PROBLEM TO WORK ON
Exact copy, pictures excluded: write out every line below.

Data excerpts
* * *

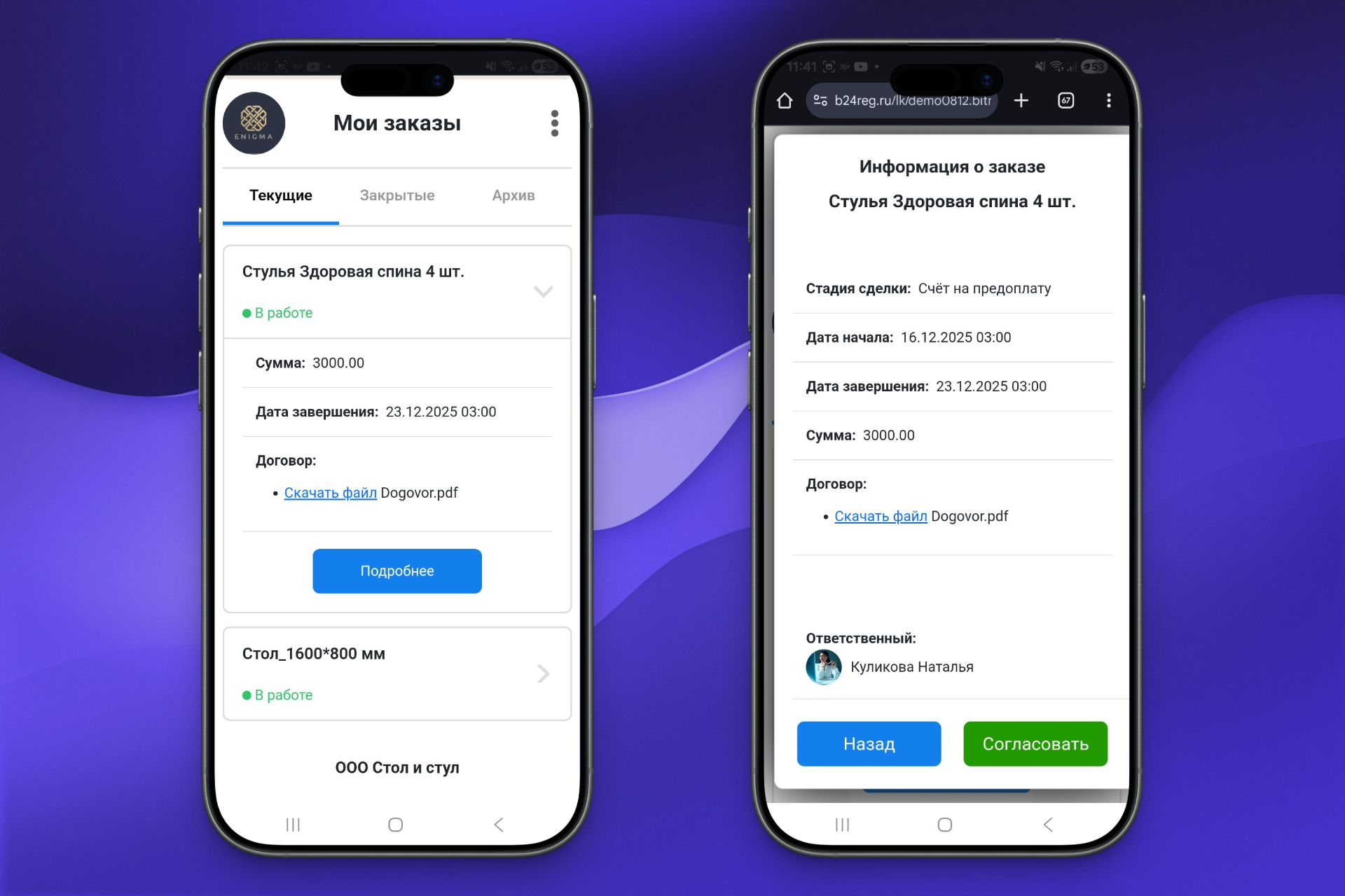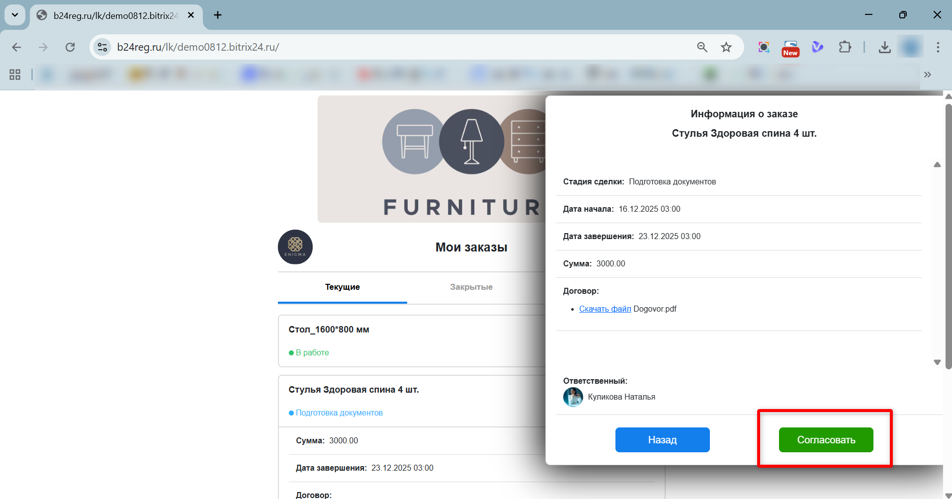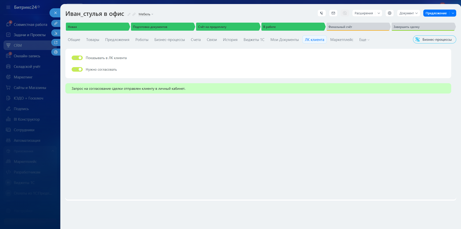 Важно: после нажатия на кнопку Согласовать, сделка изменит стадию на следующую. Обратите внимание, клиент может не согласовать заказ и для этого не предусмотрена какая-то специальная кнопка. Вам следует настроить робота, который отследит время нахождения на стадии согласования и отправит уведомление менеджеру.
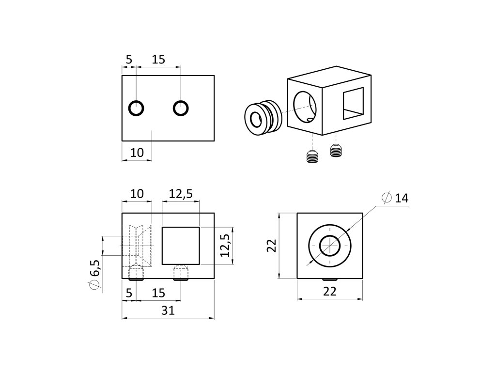 Držiak štvorhranného profilu 12x12mm (koncový-ľavý), plochý, (30x22mm), brúsená nerez K320 /AISI304
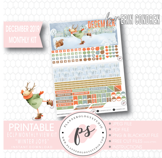 Winter Joys December 2019 Monthly View Kit Digital Printable Planner Stickers (for Standard A5 Wide Monthly 1.6" Width Date Boxes)
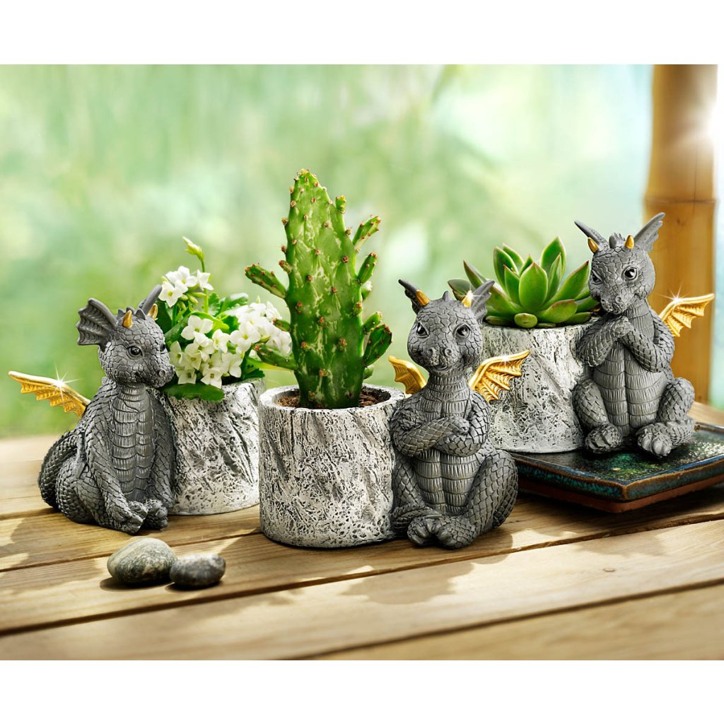 Tri úžasné kvetináče s dráčikom zdobia originálnym spôsobom interiér, ale aj balkón či terasu. Kvetináče sú opatrené otvorom pre odtok vody.
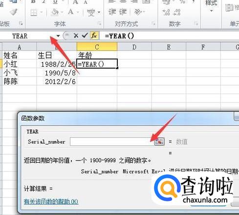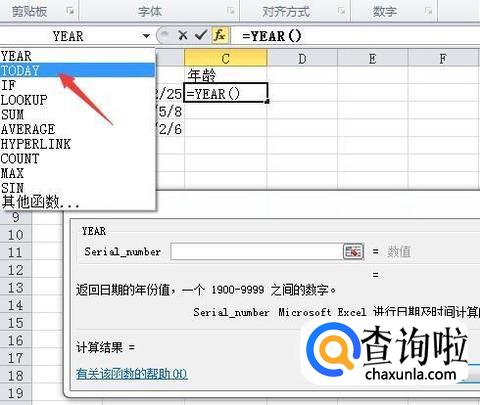 继续点击名称框,选择YEAR函数,在YEAR函数的括号中选择要计算的生日所在的单元格。

* * *

COMPLETED TASK
 Важно: после нажатия на кнопку Согласовать, сделка изменит стадию на следующую. Обратите внимание, клиент может не согласовать заказ и для этого не предусмотрена какая-то специальная кнопка. Вам следует настроить робота, который отследит время нахождения на стадии согласования и отправит уведомление менеджеру.
 Držiak štvorhranného profilu 12x12mm (koncový-ľavý), plochý, (30x22mm), brúsená nerez K320 /AISI304
 Winter Joys December 2019 Monthly View Kit Digital Printable Planner Stickers (for Standard A5 Wide Monthly 1.6" Width Date Boxes)
 Tri úžasné kvetináče s dráčikom zdobia originálnym spôsobom interiér, ale aj balkón či terasu. Kvetináče sú opatrené otvorom pre odtok vody.
 继续点击名称框,选择YEAR函数,在YEAR函数的括号中选择要计算的生日所在的单元格。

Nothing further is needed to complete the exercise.